Quantco / glum

High performance Python GLMs with all the features!
https://glum.readthedocs.io/
BSD 3-Clause "New" or "Revised" License
292 stars 23 forks source link

Add a comparison with GAM tools to the docs? #471

Open tbenthompson opened 2 years ago

tbenthompson commented 2 years ago

I've gotten a few different questions about how glum compares to using something like pygam or whether we have plans to support GAMs:

Strictly speaking, GLMs are a subset of GAMs so this question seems very appropriate. Looking over pygam, for example, a few things seem missing/different:

It would be interesting to do a quick benchmark or even add pygam to the benchmark suite to also have a performance comparison for glum vs pygam. My guess is that glum for GLMs is substantially faster because it's tailored specifically to the problem and also handles the sparsity issues well.

A final question is how much of the feature set (e.g. elastic net regularization along a path) could be ported to the gam setting and whether some of the work we did here could be extended provide a basis for a GAM library.

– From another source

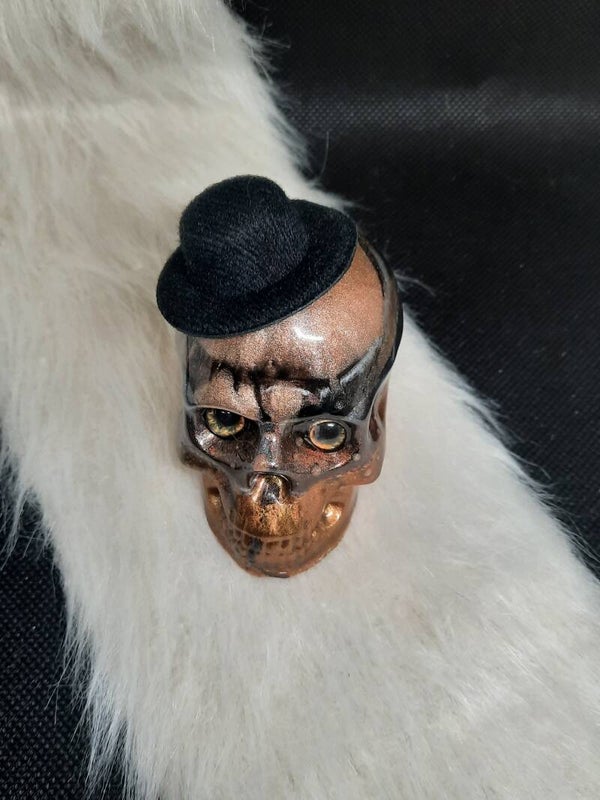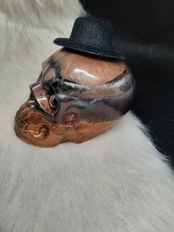 crâne / tête de mort fait mains en modèle unique en résine dans des tons marrons/noir avec chapeau noir et yeux

lbittarello commented 2 years ago

A final question is [...] whether some of the work we did here could be extended provide a basis for a GAM library

There are different ways to fit GAMs. As far as I understand, pygam is basically using splines to approximate the unknown relationships between outcomes and continuous regressors. For any given sample size, this approach is effectively identical to a GLM with feature engineering (i.e. glum + sklearn). Indeed, it only qualifies as a GAM if the complexity of the splines increases in some automated fashion with the sample size. The difference is conceptual (parametric vs semiparametric) rather than practical. One could also fit GAMs with local regressions or something fancier, in which case the equivalence with GLMs breaks down.

mattmills49 commented 8 months ago

If this group is interested in including smoothing spline functionality in glum I'd be happy to help out. I put together a guide on how to fit penalized splines using your own custom penalty matrix here: http://statmills.com/2023-11-20-Penalized_Splines_Using_glum/ .

While you can theoretically do GAMs in any way with your own penalty matrix I think incorporating separate penalties per smooth term and interaction splines into glum would make it way easier for users to actually use this functionality. There is obviously more considerations than just mine but I thought I'd offer to help if there is an appetite for more here.

MatthiasSchmidtblaicherQC commented 5 months ago

Thanks for the cool tutorial and for the offer to help out here. With the upcoming release of glum v3, there will be two main user interfaces:

  1. The current one in which the user passes a design matrix that supposedly comes from preprocessing some dataframe, and
  2. a formula interface building on formulaic, which does preprocessing such as creating B-splines "under the hood".

With 1., I find the approach in the tutorial quite natural: given that the user already built a model matrix, she can also specify a custom penalty matrix. Here, I see scope for convenience helpers for creating custom penalty matrices though. With 2., it seems more natural to create penalty matrices inside the model, so smoothing or cyclic constraints that work within the formula interface would be welcome contributions!